Now allow me to shift to some very specific comments (these are also damning)
No mandate for 3 weeks
The control arm includes counties that did have mask mandates, but didn’t start it for 3 more weeks. This introduces a new issue. The type of place that didn’t mandate for say 15 cases per 100k, but does mandate later includes places that needed to see more carnage to drop the mandate. As long as some or many control counties ultimately drop mandates, this almost surely guarantees that control counties would see greater rises in cases immediately after mandate, because that it was it takes for them to be persuaded to mandate. Of course, the authors do not say you have to eventually have a mandate, which would make it a total tautological exercise, but the mere fact many do, is enough I think to bias the results. [PS I am open to further thoughts on this point. Am I wrong? Talk to me in comments!]
Why is the percent of people in the county with diabetes a covariate?

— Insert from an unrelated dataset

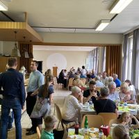 In seiner Predigt beschrieb Volkmar seinen Dienst als fortgesetzte Einladung Gottes. „Der große Gott will mit uns armseligen Gestalten Gemeinschaft haben – will, dass wir bei Ihm zu Hause sind, an Seinem Tisch sitzen und uns laben an den Gaben, die wirklich satt machen, weil sie die Ewigkeit in sich tragen. Überlegt mal, was das heißt! Das wäre ja der Himmel – das Paradies, wie am Anfang,“ so Volkmar.
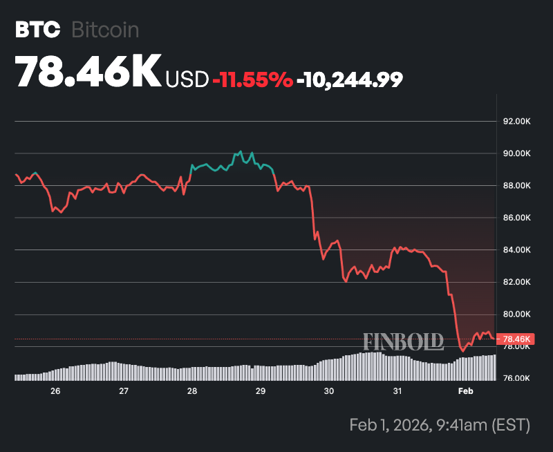 截至發(fā)稿時,比特幣價值為 78,461 美元,過去 24 小時內(nèi)下跌超過 6%。按周計算,加密貨幣已修正超過 11%。

“Covariates County-level covariates with the potential to confound the analysis results were considered for each model, including social distancing, population density, wet-bulb temperature, proportion of county residents with diabetes, and proportion of county residents earning less than 200 percent of the federal poverty level.”

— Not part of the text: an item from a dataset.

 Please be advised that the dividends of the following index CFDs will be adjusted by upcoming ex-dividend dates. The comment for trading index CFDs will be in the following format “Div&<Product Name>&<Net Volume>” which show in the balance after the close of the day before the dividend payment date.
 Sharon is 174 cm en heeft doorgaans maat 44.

First, this also assumes equal screening for diabetes, which is almost surely not true. Second, diabetes is a risk factor for bad-covid outcomes, but does covid spread fast among diabetics? And if so, does it also spread faster in counties with higher avg. BMI? Then why is BMI not a covariate?
Masks don’t work in the burbs
The authors downplay that masks only work in urban counties. No effect in the suburbs! Reminds me of how masks didn’t work when used by daycare providers, but no one discussed it.

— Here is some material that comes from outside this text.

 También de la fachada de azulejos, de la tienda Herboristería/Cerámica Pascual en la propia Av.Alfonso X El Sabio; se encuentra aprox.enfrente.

A strange analytic choice for a super-spreader disease
It is well know that COVID spread can be explosive. Single superspreader events can lead to dozens or more cases. As long as that is true, why do this? You might be throwing away real data
“Data were assessed for outliers relative to the Rt before analysis. Days with an Rt value outside of the 2.5–97.5 percentiles (Rt of 0.35 at the 2.5 percentile and 3.50 at the 97.5 percentile) were excluded from the analysis.”
Some of those outliers are real data. Why discard it?
The study has nothing to do with present day
We can’t forget none of this has anything to do with the present day. This is all pre-vax, pre-Omicron. We have no idea if it applies post-vax. Also no idea if it applies to current, highly transmissible strain. It is of historical interest only.
The last thing I want to say is
Whether masking works is a prerequisite for a mask mandate to work but not the same thing. This study tests whether mask mandates work. That is a reasonable policy question. Bangladesh RCT tested whether free masks and encouragement worked. That is different. In this study almost all masks used were likely cloth. And cloth masking failed in Bangladesh. I think that makes it highly unlikely the large effect seen here is due to the masking. It is almost surely the first objection I raise.
I could write more, I found some other issues, but I don’t have any more time for this paper. I see patients, work on a bunch of academic articles, am writing my new book, and make podcasts and videos, and I am presently sleepy. So that is all for now!